The method you describe is series, if the first filter blocks then the second filter will get a reduced flow as well.
I would connect them in parallel with the use two tees as follows:

The intake bar goes into a tee.  Then one end of the tee goes to filter one's input and the other to filter two's input.
Same on the output. Take both outputs and put them into a tee. Then connect the tee to the spray bar.

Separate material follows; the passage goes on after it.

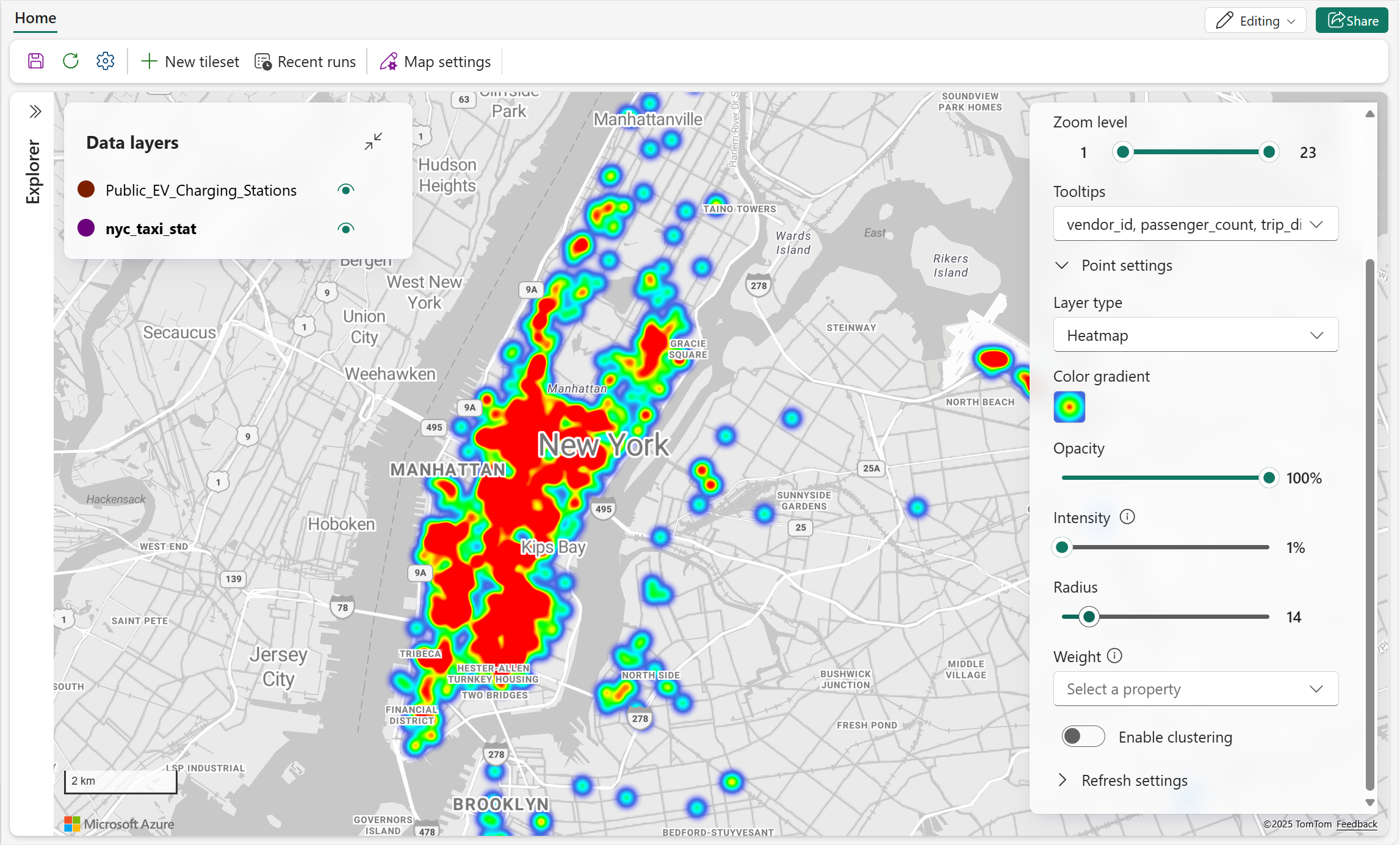 ภาพหน้าจอต่อไปนี้แสดงแผนที่ความร้อนของการเดินทางด้วยแท็กซี่ของนิวยอร์กซิตี้ การเดินทางแต่ละครั้งจะแสดงเป็นจุดข้อมูล โดย fare_amount จะใช้เป็นน้ําหนัก ซึ่งหมายความว่าพื้นที่ที่มีค่าโดยสารสูงกว่าจะเพิ่มความเข้มข้นให้กับแผนที่ความร้อน เพื่อเพิ่มความสามารถในการอ่าน จึงใช้ความทึบที่ต่ําลง ทําให้แผนที่และข้อมูลที่ทับซ้อนกันยังคงมองเห็นได้

The water takes the easiest path available. So if one filter clogs the flow will automatically go more to the other one.  Which is good as it provides some redundancy.

Hope that makes sense.

I'd be interested to hear other opinions...


----------



## Ed Seeley (22 Jul 2008)

The problem with connecting filters in either series or parallel is that you will reduce the flow.  If you stick to tubing of the same size then having two pipes going into one could almost halve the flow rate for that section!  The only way to do it would be to go up in pipe size before you connected them.  As the 2028s use 16mm pipe then I would look at stepping up to 22mm at least and I'm not sure what you can get in the way of fittings here!  To reduce turbulence ideally use a Y-piece rather than a T so you don't have the flows hitting each other at 90 degrees.  In other words, if at all possible, make extra room to have them running in and out of the tank separately.


----------



## ceg4048 (22 Jul 2008)

Yes, theoretically you would need to at least double the tube diameter 16*2=32 mm for the joined section otherwise each input would back-pressure the other.

Cheers,


----------



## Ed Seeley (22 Jul 2008)

ceg4048 said:
			
		

> Yes, theoretically you would need to at least double the tube diameter 16*2=32 mm for the joined section otherwise each input would back-pressure the other.
> 
> Cheers,



You wouldn't need to double the pipe's diameter as their cross section is Pi times radius squared.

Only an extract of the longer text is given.